Stop after the line that contains "公司是中国一家知名的工业网络". Until then, retype each line of the entries exactly from the first one, skipping pictures.
──────── Source data ────────
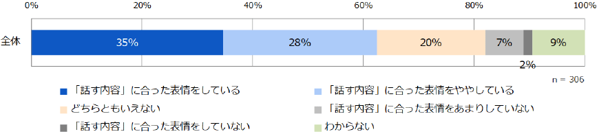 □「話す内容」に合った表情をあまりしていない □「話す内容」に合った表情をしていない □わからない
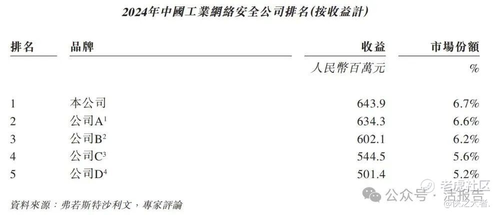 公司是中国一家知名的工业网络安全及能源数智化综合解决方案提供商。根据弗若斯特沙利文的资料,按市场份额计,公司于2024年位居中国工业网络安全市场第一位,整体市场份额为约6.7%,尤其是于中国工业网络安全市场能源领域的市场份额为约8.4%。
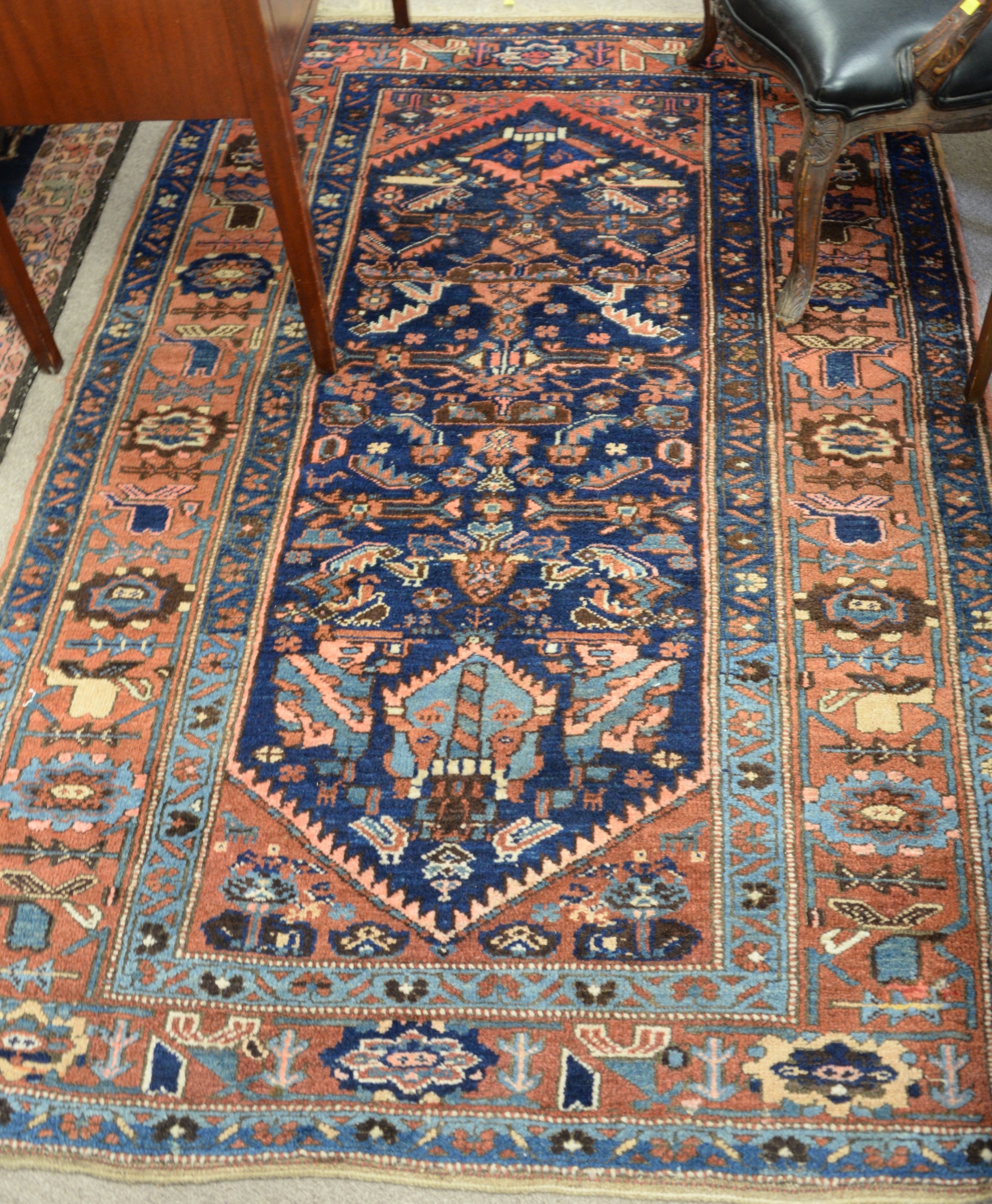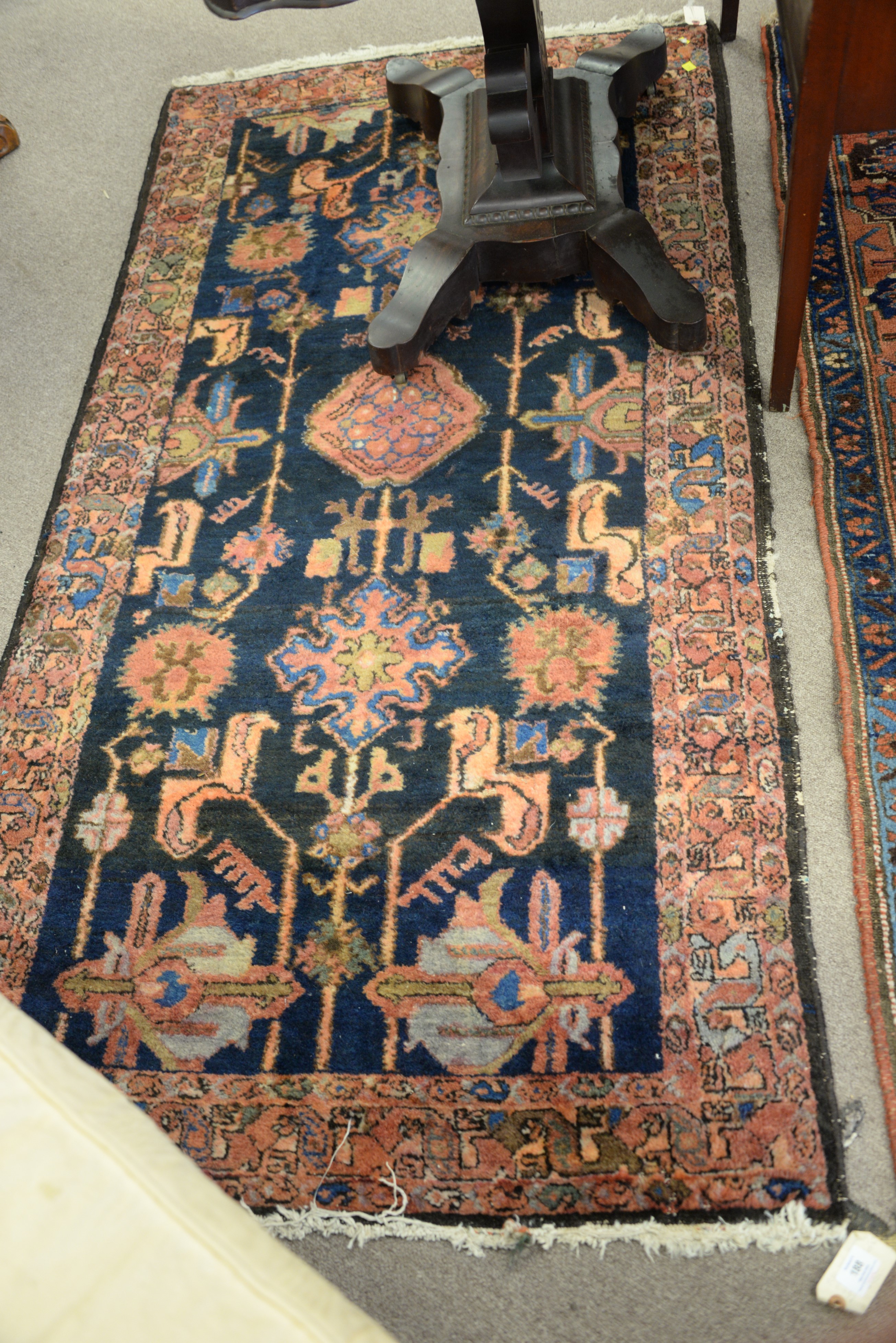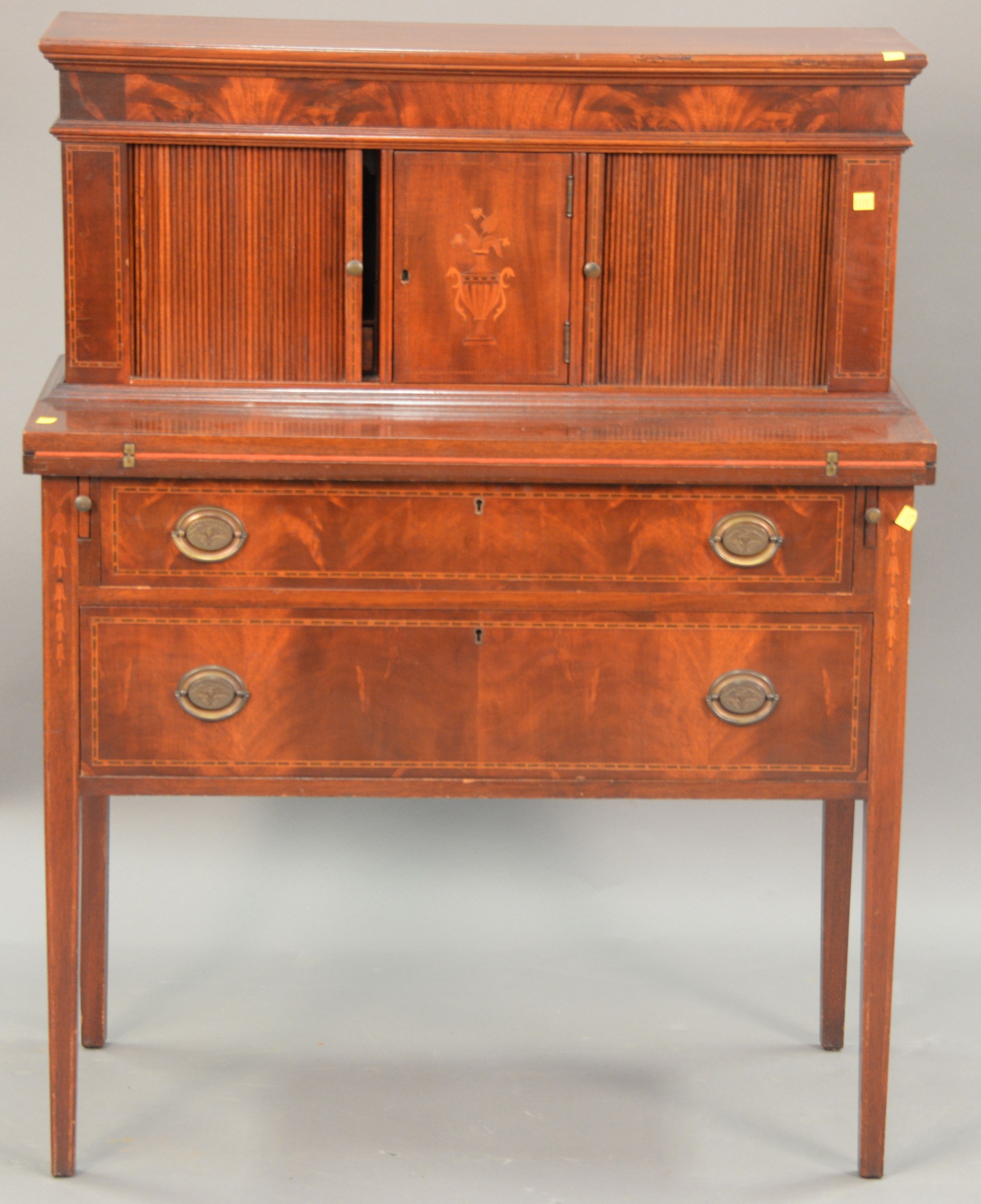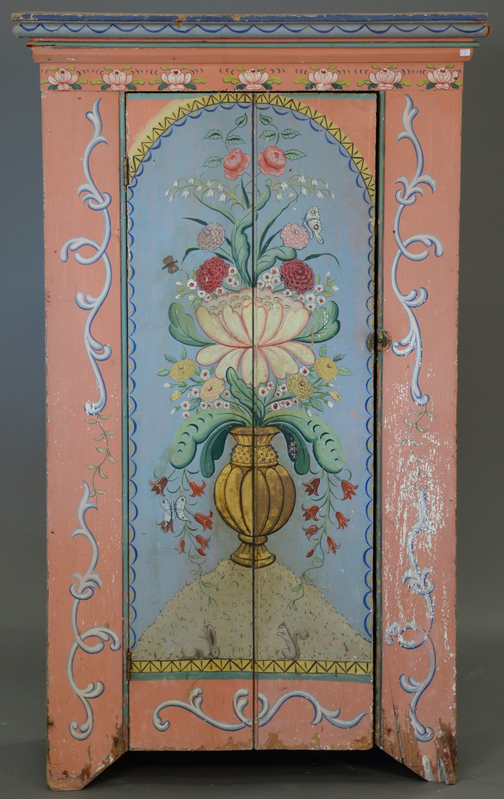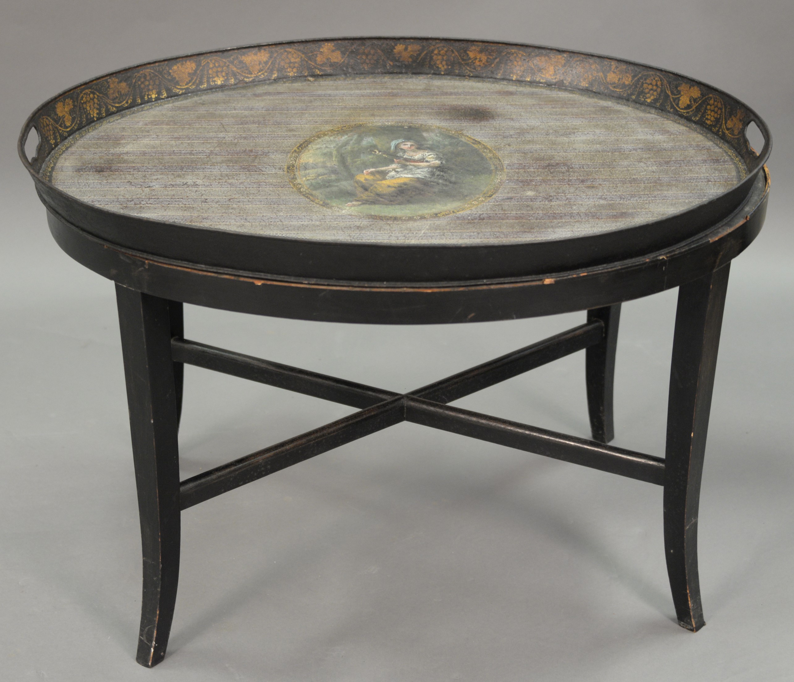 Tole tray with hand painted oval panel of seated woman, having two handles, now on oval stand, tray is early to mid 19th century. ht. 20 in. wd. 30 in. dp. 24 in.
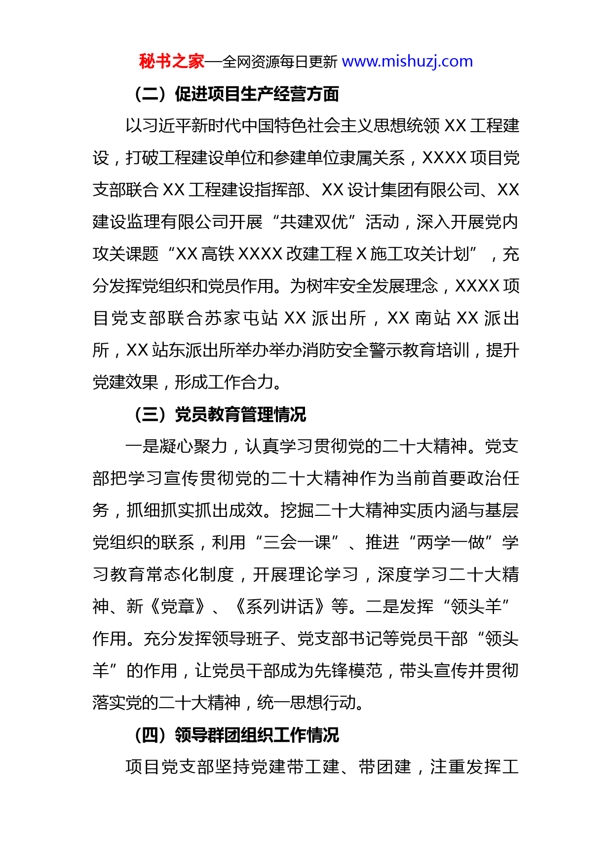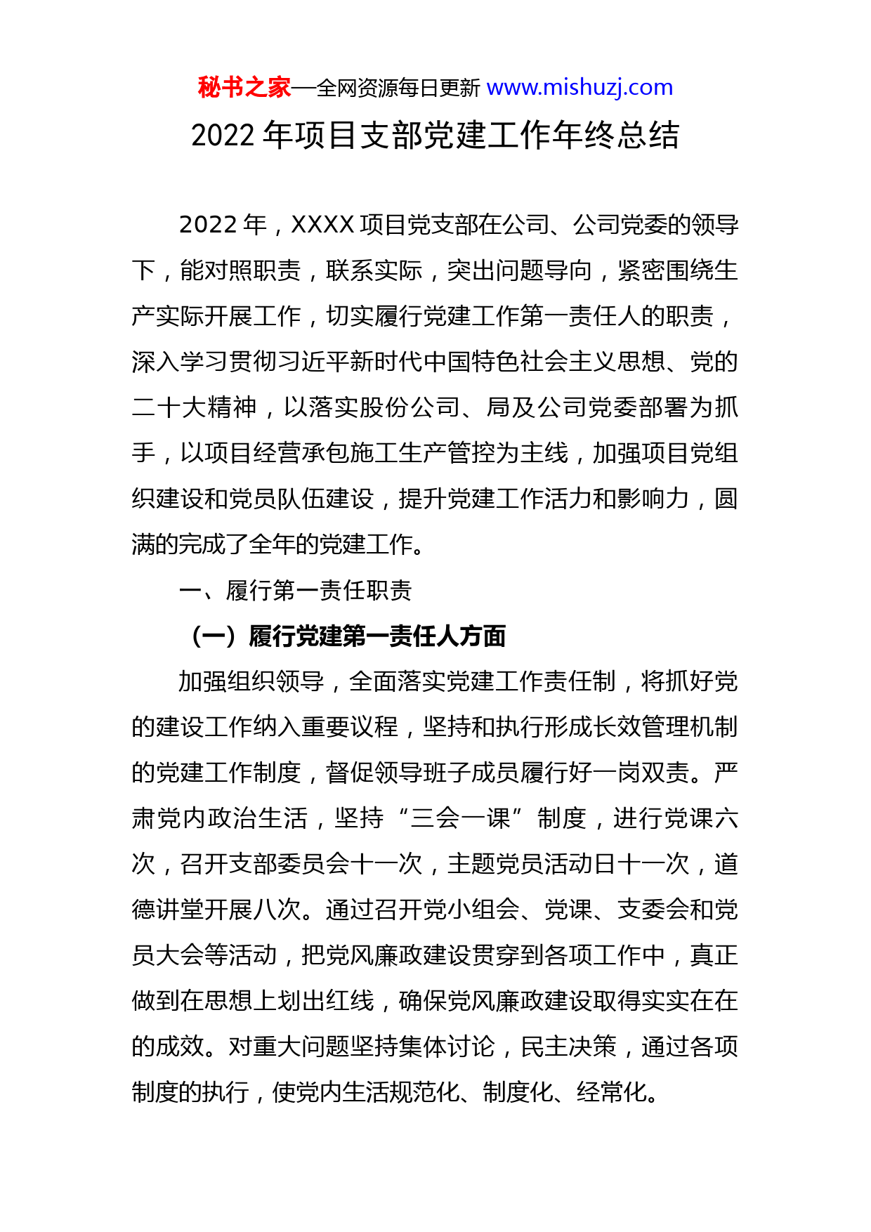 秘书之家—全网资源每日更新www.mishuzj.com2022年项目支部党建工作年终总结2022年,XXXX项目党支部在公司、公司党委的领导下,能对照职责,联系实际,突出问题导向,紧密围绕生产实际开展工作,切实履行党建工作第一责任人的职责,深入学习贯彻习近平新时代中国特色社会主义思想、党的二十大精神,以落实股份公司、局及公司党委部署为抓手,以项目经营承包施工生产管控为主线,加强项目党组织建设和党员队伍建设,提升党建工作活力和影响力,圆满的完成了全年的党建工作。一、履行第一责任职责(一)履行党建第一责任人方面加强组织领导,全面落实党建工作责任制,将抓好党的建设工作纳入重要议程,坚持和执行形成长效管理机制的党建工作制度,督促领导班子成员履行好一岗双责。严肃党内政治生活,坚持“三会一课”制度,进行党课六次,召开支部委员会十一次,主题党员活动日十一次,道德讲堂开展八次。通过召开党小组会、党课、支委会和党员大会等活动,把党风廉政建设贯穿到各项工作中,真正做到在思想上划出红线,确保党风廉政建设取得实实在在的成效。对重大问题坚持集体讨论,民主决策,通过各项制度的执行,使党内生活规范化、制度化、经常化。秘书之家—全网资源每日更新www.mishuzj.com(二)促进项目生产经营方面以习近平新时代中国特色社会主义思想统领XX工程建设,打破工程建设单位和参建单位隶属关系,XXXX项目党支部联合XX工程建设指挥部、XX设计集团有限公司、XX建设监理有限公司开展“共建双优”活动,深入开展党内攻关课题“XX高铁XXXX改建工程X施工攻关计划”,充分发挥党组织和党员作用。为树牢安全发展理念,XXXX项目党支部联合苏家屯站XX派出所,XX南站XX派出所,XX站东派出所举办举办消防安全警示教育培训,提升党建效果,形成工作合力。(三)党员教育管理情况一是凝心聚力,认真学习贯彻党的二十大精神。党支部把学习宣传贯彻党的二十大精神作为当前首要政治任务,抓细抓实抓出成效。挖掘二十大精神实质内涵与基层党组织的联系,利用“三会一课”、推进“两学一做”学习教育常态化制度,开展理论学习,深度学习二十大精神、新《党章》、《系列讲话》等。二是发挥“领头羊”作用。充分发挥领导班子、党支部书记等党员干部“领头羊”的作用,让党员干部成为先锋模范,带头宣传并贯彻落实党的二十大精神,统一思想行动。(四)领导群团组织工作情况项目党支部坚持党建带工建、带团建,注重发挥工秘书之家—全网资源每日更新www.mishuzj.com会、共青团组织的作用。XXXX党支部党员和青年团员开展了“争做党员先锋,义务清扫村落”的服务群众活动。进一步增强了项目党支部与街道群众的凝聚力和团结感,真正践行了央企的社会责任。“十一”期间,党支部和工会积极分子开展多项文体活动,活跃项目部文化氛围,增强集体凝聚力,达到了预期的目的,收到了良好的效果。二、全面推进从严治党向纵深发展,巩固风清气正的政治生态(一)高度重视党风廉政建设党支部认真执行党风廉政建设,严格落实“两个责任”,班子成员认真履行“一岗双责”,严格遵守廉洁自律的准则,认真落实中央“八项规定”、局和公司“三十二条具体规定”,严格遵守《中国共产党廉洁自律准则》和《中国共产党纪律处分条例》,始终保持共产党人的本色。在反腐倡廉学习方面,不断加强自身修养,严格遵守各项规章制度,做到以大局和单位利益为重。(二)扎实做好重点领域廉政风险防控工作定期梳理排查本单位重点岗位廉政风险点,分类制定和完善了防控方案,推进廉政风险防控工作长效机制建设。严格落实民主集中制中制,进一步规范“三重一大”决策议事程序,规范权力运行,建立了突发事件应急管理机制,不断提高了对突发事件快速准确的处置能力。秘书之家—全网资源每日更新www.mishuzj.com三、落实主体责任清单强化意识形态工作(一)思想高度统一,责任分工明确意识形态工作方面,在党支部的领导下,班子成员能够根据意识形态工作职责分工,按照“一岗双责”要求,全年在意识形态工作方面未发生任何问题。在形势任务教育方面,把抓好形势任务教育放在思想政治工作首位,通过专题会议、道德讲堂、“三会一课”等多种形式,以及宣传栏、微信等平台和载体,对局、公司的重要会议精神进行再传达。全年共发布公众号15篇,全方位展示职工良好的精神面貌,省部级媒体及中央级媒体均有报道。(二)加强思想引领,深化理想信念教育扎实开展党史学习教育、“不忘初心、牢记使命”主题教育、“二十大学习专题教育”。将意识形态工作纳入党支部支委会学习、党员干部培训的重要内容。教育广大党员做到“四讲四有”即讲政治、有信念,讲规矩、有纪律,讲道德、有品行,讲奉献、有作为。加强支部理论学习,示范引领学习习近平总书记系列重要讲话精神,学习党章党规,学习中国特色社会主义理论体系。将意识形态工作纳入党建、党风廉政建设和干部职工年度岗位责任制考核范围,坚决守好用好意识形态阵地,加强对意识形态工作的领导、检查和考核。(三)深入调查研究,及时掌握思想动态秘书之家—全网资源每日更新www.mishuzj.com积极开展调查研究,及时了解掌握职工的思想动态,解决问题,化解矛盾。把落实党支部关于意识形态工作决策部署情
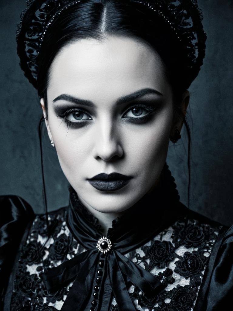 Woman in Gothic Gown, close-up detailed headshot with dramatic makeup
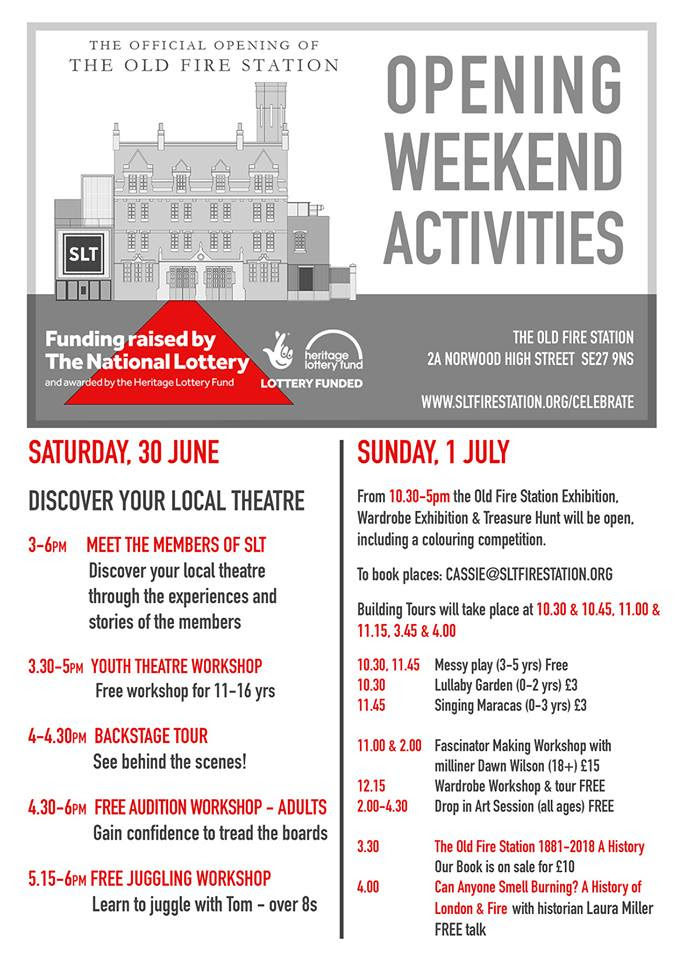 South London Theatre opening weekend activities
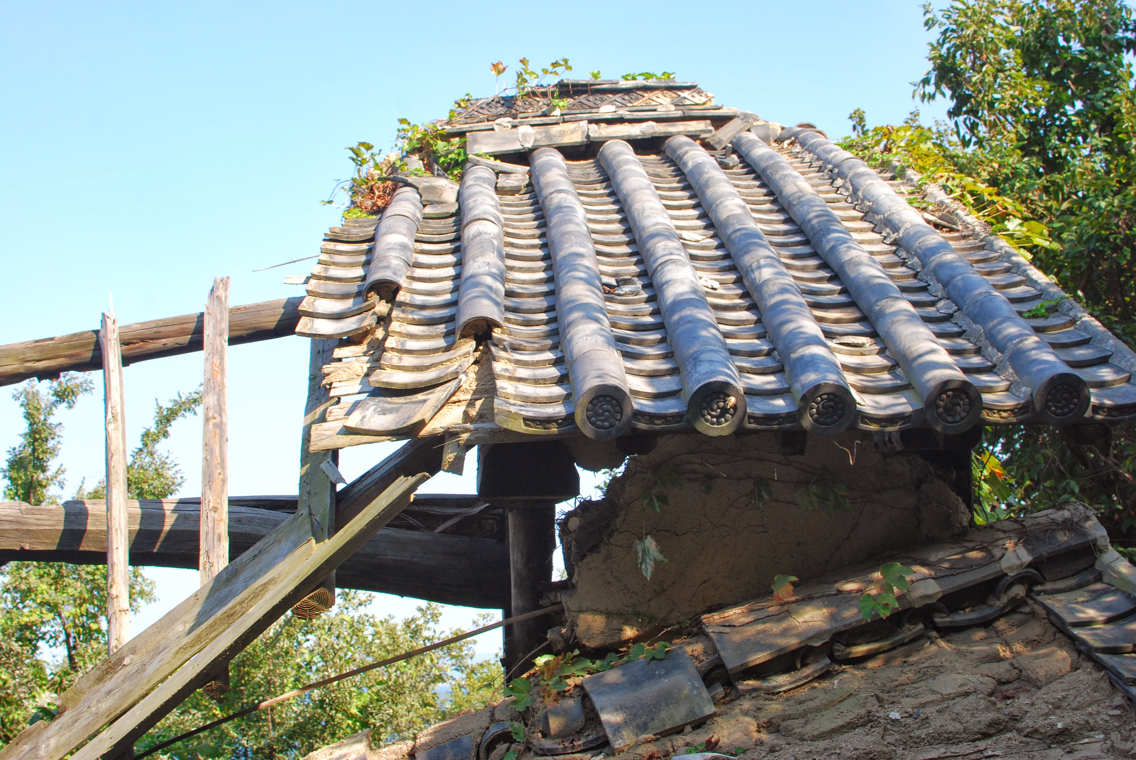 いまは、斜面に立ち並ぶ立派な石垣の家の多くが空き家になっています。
────────
* **Answer to the exercise**:
 □「話す内容」に合った表情をあまりしていない □「話す内容」に合った表情をしていない □わからない
 公司是中国一家知名的工业网络安全及能源数智化综合解决方案提供商。根据弗若斯特沙利文的资料,按市场份额计,公司于2024年位居中国工业网络安全市场第一位,整体市场份额为约6.7%,尤其是于中国工业网络安全市场能源领域的市场份额为约8.4%。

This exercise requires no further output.